American painter (1869–1926)

Edwin Murray MacKay (September 29, 1869 – February 28, 1926) was an American painter from Michigan.

== Biography ==
Edwin Murray MacKay was born in Sebewaing, Michigan on September 29, 1869. He initially studied at the Detroit Museum of Art School, the art school affiliated with a predecessor of today's Detroit Institute of Arts, and later studied in New York and Paris under Kenyon Cox and Jean-Paul Laurens respectively. MacKay lived and maintained a studio in Paris around the turn of the 20th century, and was known for his portraits.
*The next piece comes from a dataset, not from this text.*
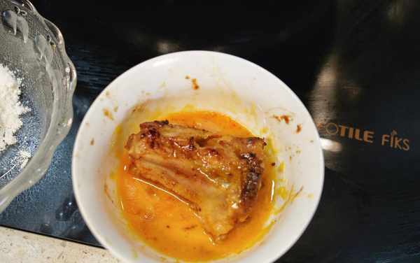 5、把醃制好的排骨放入雞蛋液裡翻滾一遍

MacKay wrote an essay in 1921 in Michigan History Magazine, arguing that the state of Michigan should fund a new war memorial and historical library in Lansing. MacKay died of cancer in Detroit on February 28, 1926. Following his death, his widow Frances Woods MacKay donated his painting "A Japanese Print" to the Detroit Institute of Arts.

== Works ==
MacKay painted multiple portraits of Michigan Supreme Court justices in the early 20th century. The portraits include those of Justices Grant Fellows, Aaron V. McAlvay, Russell C. Ostrander, and Joseph H. Steere, some of which remain on display in the Michigan Hall of Justice in Lansing.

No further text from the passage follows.